Your dick is once again the conversation topic.
Martha Stewart would most definitely roll a great joint.
Hm. I declare blue a flavor.
a small fire erupted but we put it out with a can of beer so everything's fine
This is the time you want your cat to have telepathy with you. To know if the guy downstairs left.
lol i'm looking through my photos and there's this giant section of just dudes wearing murses
Totally passed out on the dealers bed after paying him all in ones so no, i dont think i'll be getting a discount soon.
I told the cop to try walking in heels and he'd understand why I was walking home without then on. He told me he only does that on Wednesdays.
If I asked you to guess what I'm doing right now how many guesses would it take to get to really high eating an apple bumping techno
Do you know anyone with a stuffed cougar? I want one for a self portrait to hang in my house. A bobcat or lynx might work too.

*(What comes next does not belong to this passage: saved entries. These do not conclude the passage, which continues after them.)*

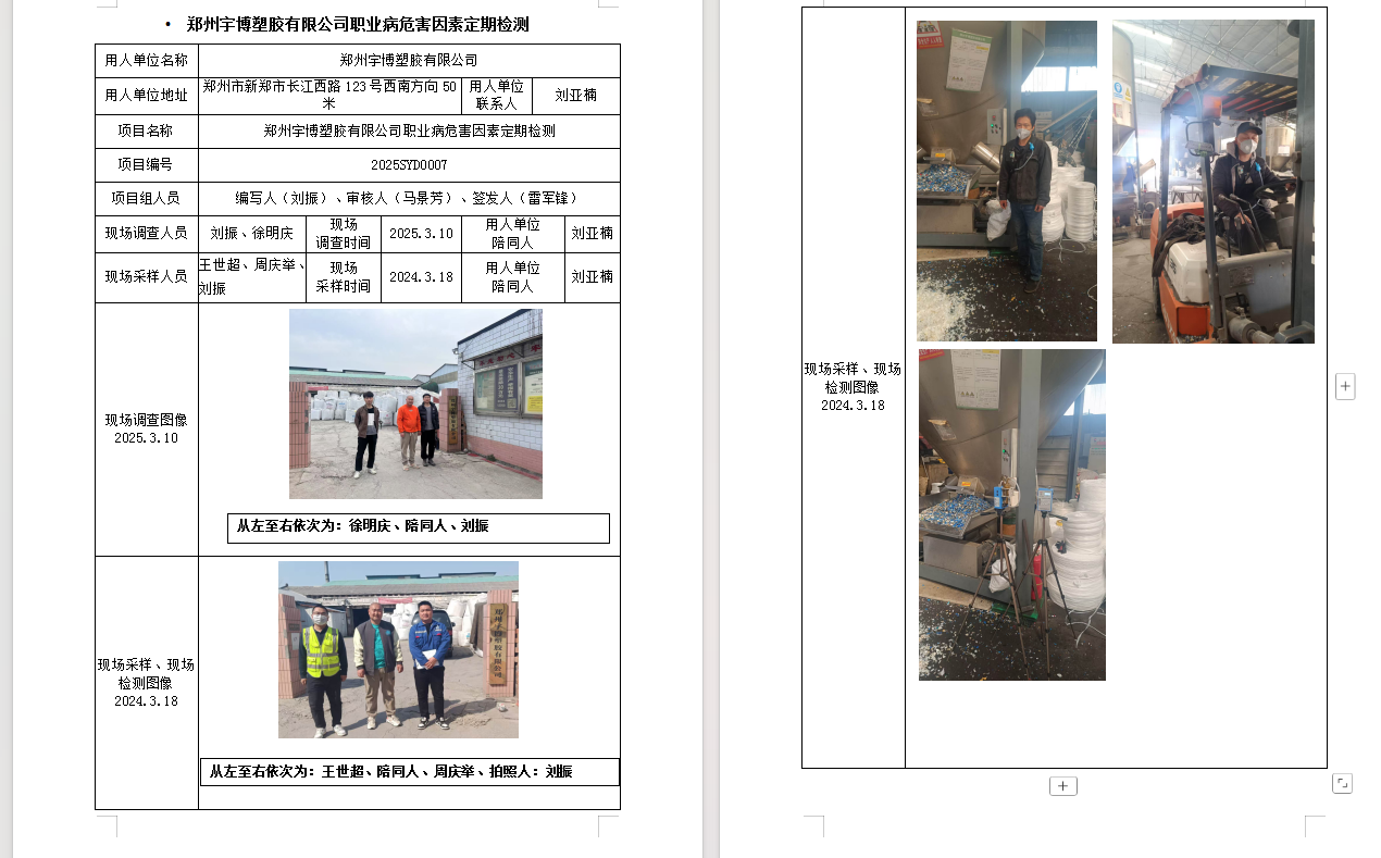 定期检测报告 | 郑州宇博塑胶有限公司 | 2025-04-02
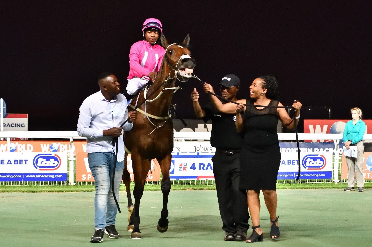 There are some well-known names in this group of ladies and they include former trainer Dorrie Sham, the TBA’s Heather Morkel, Jessica Slack of Mauritzfontein Stud and Karen Render of Bush Hill Stud. Also involved is 2022 ‘Queens With A Purpose’ finalist, Agnes Mahonoe, who runs the groom’s hostel at Randjesfontein and Turffontein’s mobile kitchen. Agnes has been on course for all Calantha’s runs.
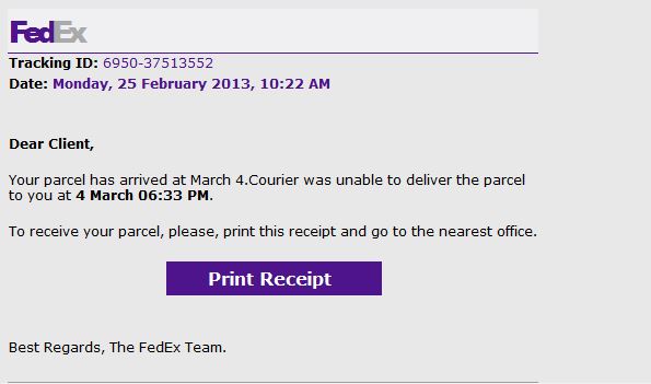 If you get these emails you can usually report them by going to the website of the company which is being spoofed and finding the spoof reporting email. In this case the offending email is a Fed Ex spoof and I have forwarded it to [email protected]
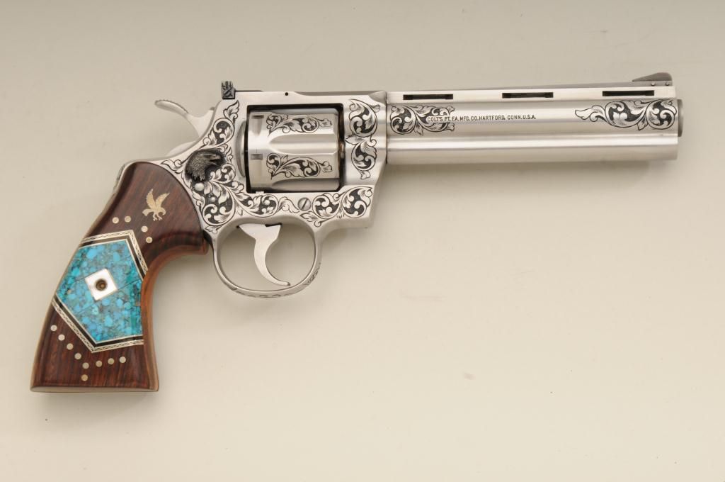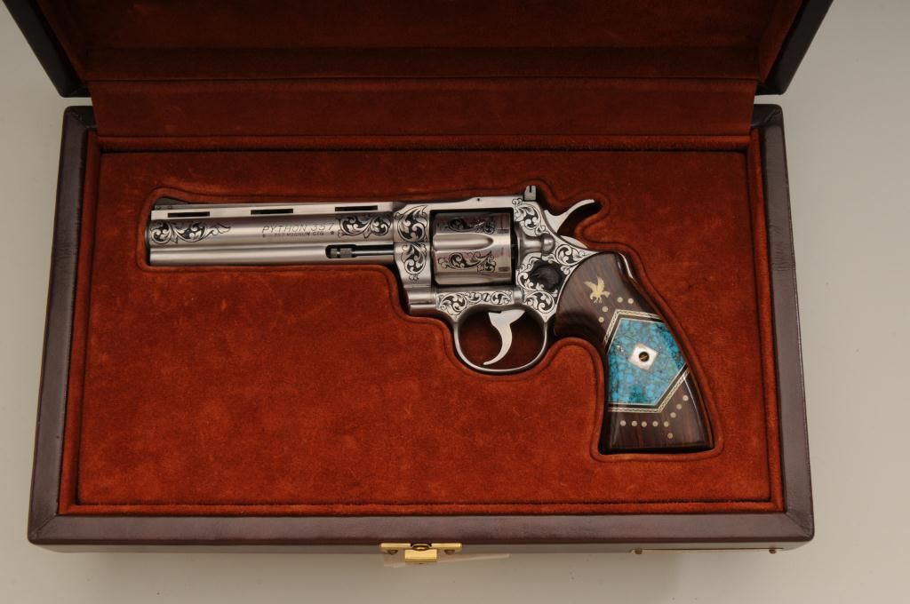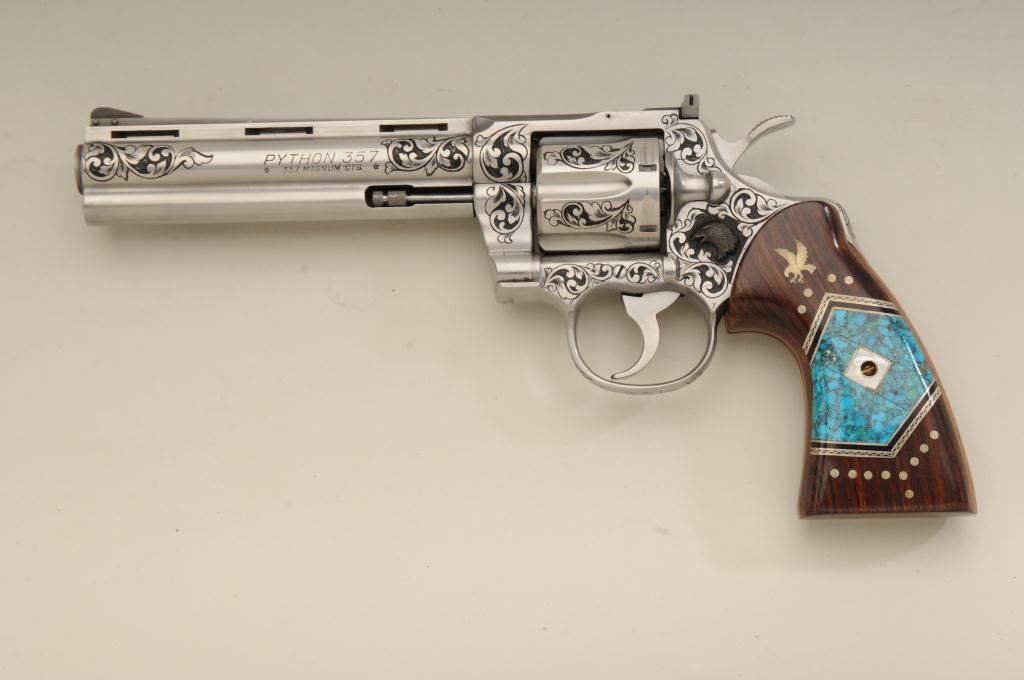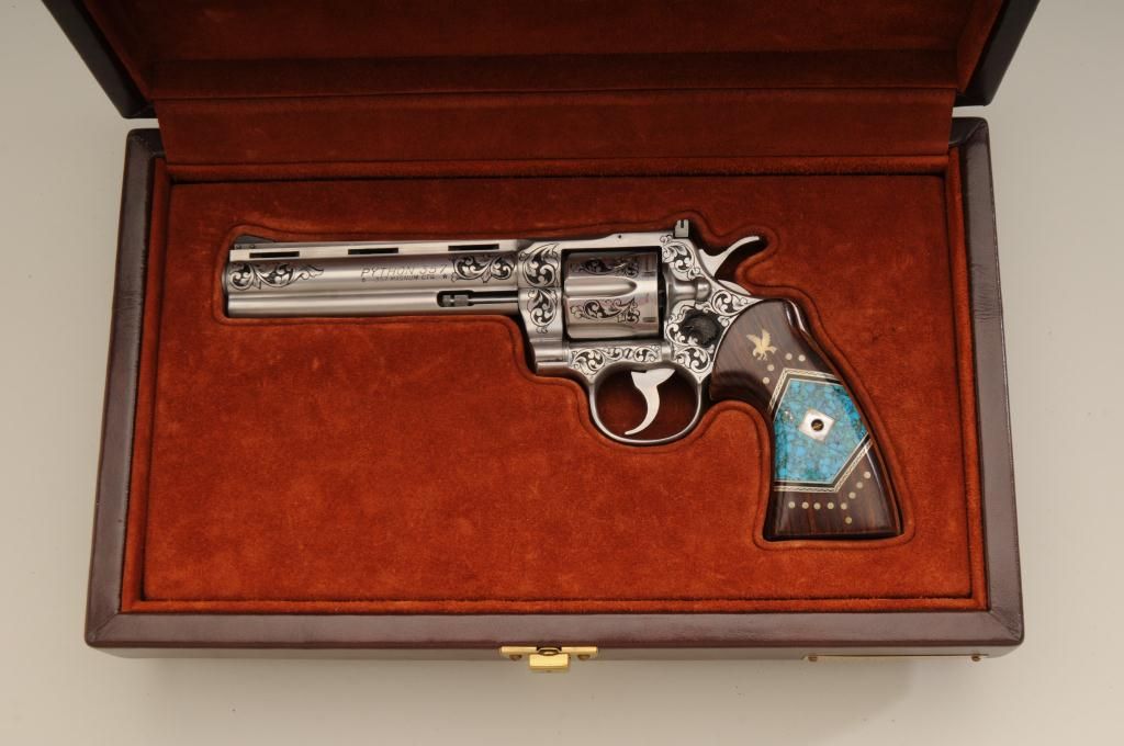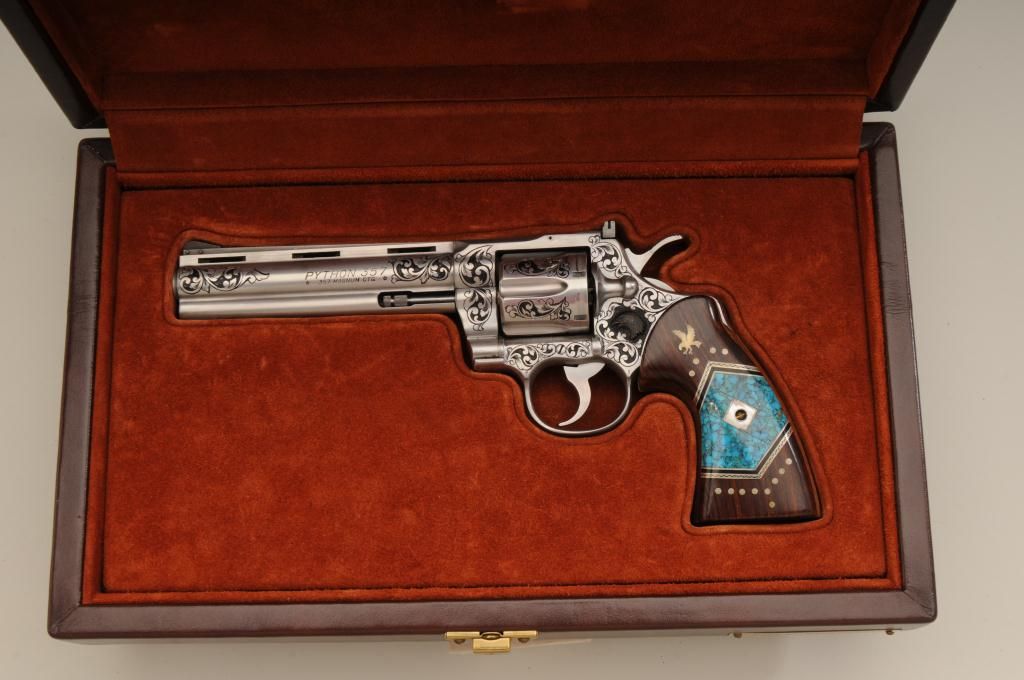 Colt Python .357 Magnum double action revolver stainless steel with 6” barrel, deep scroll engraved with Eagle head inlays on each side of frame and fancy custom made exotic laminated wood and silver inlaid grips with elaborate turquoise and silver inlays at center. The bottom of frame is signed Heune with a small stamp showing the south side of a stag headed north. The trigger guard is engraved with the initials G.H.J.The condition is fine to excellent showing some slight use. The action is tight and the bore is just slightly dirty and would clean. The grips are also fine to near excellent showing a great deal of quality workmanship.The revolver is contained in a extra fine custom French style fitted case with leather exterior. The exterior of the case shows a makers plaque which is engraved, “Case By Georgianna”. The case is fine to excellentand would be very expensive to replicate. Est.: $1,500-$3,000.

i spilled a box of white cheddar cheezits on the bathroom floor about 2 days ago. when i went back to the house he yelled at me from the bathroom: "THANKS FOR THE CHEEZITS, I'll ALWAYS HAVE A SNACK FOR WHEN IM SHITTING NOW!"
You called me into the kitchen so you could show me that you were peeing in the kitchen sink and then told me to leave bc you couldn't do it with me watching
Yeah man, you were grinding with his wife, I wouldn't be worried about it
She squirted. We were both surprised. I'm that good.
College is really paying off. I am gonna be a great teacher. I just made a grading sheet for weed. This shit got an A.